Definitely Going Up

Feature image is of a very large Buddhist Monk Monastery, really in the middle of nowhere, really.  For miles, nothing around that could distract any Monks or the like.  Nestled comfortably in the middle of the Himalayas.

I really was not going to write about todays hike because it was really short but it did take us up another 1,000 feet to settle at 14,000 feet and most important, we are well above the tree line.  The hike was inspiring because we were constantly surrounded by a 360 view of mountains that are massive by any scale.  To put it into perspective, since we are at 14,000 feet, the peaks around us are between 20,000 and 28,000 feet and those are the largest on earth.  I kept looking ahead at the peak of Everest which is around 29,000 feet into the sky but it is mostly blocked by two other ranges, both around 28,000 feet high, making them the 4th and 5th largest on planet earth.  Not much more needs to be said.

Just before leaving our last outpost luxury tea house, I had to take a dump and really postponed it because its torture shitting while the surroundings are so cold.  What the heck, I did my duty but of course, our toilet does not flush because I as I said, their was no running water in our room or anywhere because the the pipes are frozen — permanently.  So I poured a bucket of water into the toilet after my deed and the rest is our generous proprietors problem.  Lets just say I left a gift upon my departure.

And when you think it could not get worse, we arrived at our new tea house today in Pheriche.  Walked into the main sitting area/dining room/lounge, basically the only common room and it actually did not look so bad.  Plywood floors and walls coated in a dark nutty stain, orange drapes, a scene like one would expect from this type of joint with posters of Everest everywhere, famous trekkers, stickers from all the tour outlets — and that’s inside our quaint lounge.  Paula was freezing and I was doing just ok.  Outside I would guess it was a damp biting below zero something Fahrenheit.  We sat for a while waiting for our boys to come with our bags — they had stopped for lunch somewhere.  In the mean time, we got pretty bored.  The local Wifi Internet was down — and let me explain, you cant get cellular data up here so the locals have some kind of bad radio, point-to-point wifi system that you buy a package.  It goes in and out and like everything up here is unreliable.  Last night, we had no electricity for some unknown reason — which I think I know… Infrastructure here is crap for a good reason — we really are in the middle of nowhere.  Anyway, after a couple of hours, our boys arrived.

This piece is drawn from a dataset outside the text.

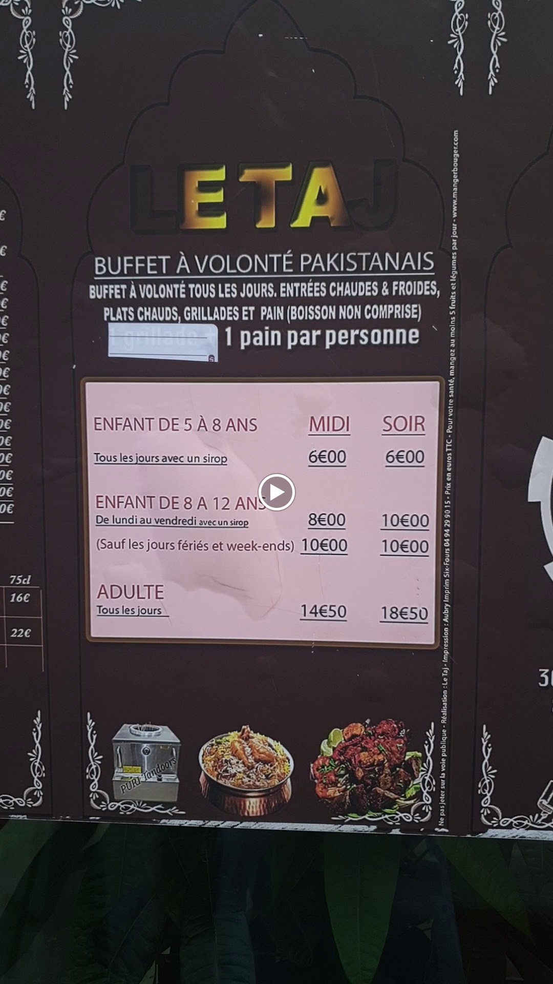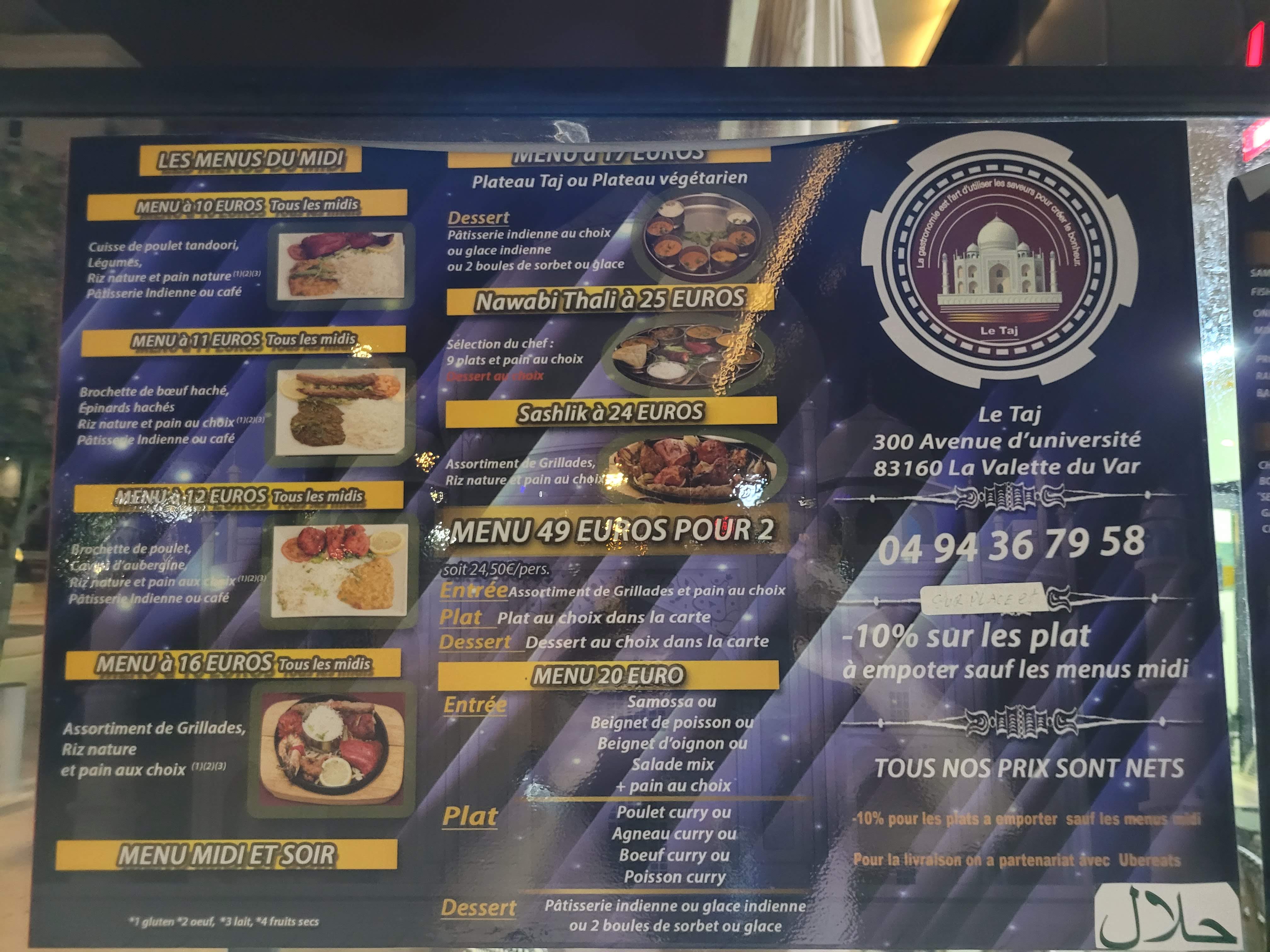 Accueil sympathique. Bon d'abord quand on se dit restaurant pakistanais, on s'appelle pas Taj avec reproduction de fresques indiennes. C'est encore plus incohérent que d'afficher la tour de pise dans un bouchon lyonnais 😁 Ensuite soyons clair, c'est de la ragougniasse avec système de buffet pour les goinfres qui poussent pour récupérer la dernière crevette. Ils ont raison, c'est la qu'il faut aller (quand je ne suis pas là, merci). Les allergènes ? Ils passent avec les échanges de cuillères dans les plats. Les déserts, on s'en passe; on prendra une glace plus loin. Enfin, côté positif, les naans à volonté 😍. Mais si je viens seulement pour les naans, j'ai pas envie de payer un menu. On se retrouvera donc en mode à emporter ! 😜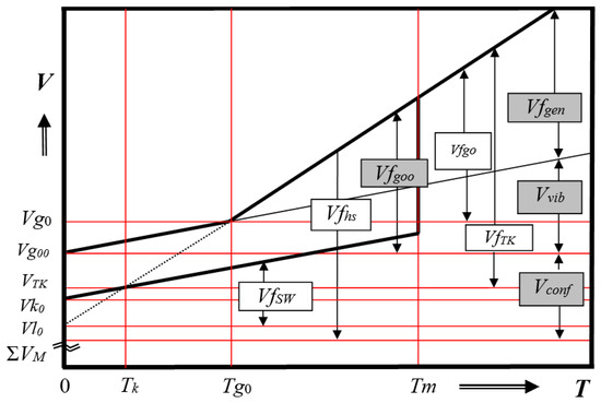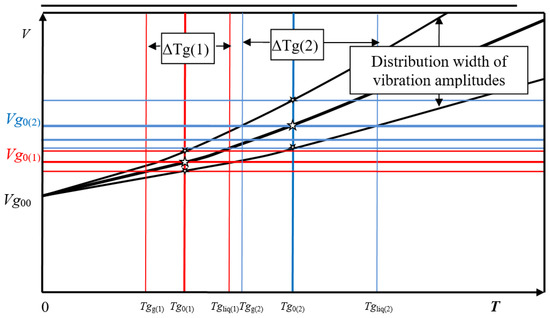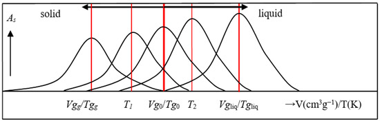 The vibrations of the vibrating elements are undoubtedly distributed around a mean value corresponding to the respective temperature. The width of the vibration amplitudes is limited and corresponds to a defined range of specific volumes Vi. Vg0 represents the specific volume below which the apertures between molecules are smaller than the smallest molecular axis cross-sections. If, when approaching Vg0, the lowest Vi values within a distribution are smaller than Vg0, the result is a state in which both liquid and glassy solid matter is present. This condition is basically present in the glass transition interval between Tgg and Tgliq. The relations in the transition interval are depicted in Figure 7.

Paula and I got our keys to leave the somewhat livable dark lounge to see our suite which is number 10 for the next 2 nights which include another acclimatizing day.  I don’t know if the word shock is enough to describe the rest of the lodge.  Cold, no freezing concrete floors everywhere and dark walls lined with room doors every 8 feet or so.  Two shared toilets for our disgusting, disturbing, loud and obnoxious Chinese guests we are sharing our night with.  Toilets are just a hole in the designated restrooms — no running water to wash hands, that relies on wet wipes and of course, no toilet paper.  Just a hole on a concrete floor and no heat.  We now go to our bedroom.  To enter, you really have to unlock a horizontal deadbolt system with a padlock.  We open the door and it’s a room about 70 square feet in size with two single beds, no reasonable covers and thats it — oh, the comforting fucking freezing concrete floors.  I really don’t mind all that, but again, no heat and were in a concrete jail cell when its likely going to be 10 degrees Fahrenheit tonight.  Our sleeping bags are fine, but trying to get up in the middle of the night, open our door into a pitch dark hallway and walk to the restroom, take a piss in a smelly hole, then find a wet wipe, get back to the room by navigating with a headset flashlight and get motivate to go back to sleep while shivering because your skin has been exposed.  We will be sleeping in three top layers, two bottom layers and socks along with maybe a hat.  We have two nights here and it only gets worse as we go up to our next two altitudes.

At 6pm, it was sunset, or in photograph speak, Golden Hour, where the mountains turn orange along the peaks.  Any normal time, I would be incredibly exited to jump out and take a few pictures since its the best time of the day to shoot.  I looked and looked and looked trying to get the courage to go outside again and get hammered.  Finally at 6:15pm I decided to go — I had to because when else will I me in this insane mountainous place like no other in the world.  I went to the room, grabbed my camera, ran out just to find out that I was like 5 minutes too late — it was now dark out.  All that for not — shit — and worse, I came back like an icicle which took me a good 30 minutes to de-thaw.  Tomorrow, I’m out at 6pm sharp for golden hour — at least thats the plan.

Had dinner, a questionable mushroom pizza and vegetable soup, got back to this post and Paula is reading.  Just 4 more days and we make it to the top — our goal — Base Camp.

I will keep motivated — its hard.  No internet, no running water, no heat, no real crapper, no showers, little change of clothes… Hygiene is starting to wane — day by day.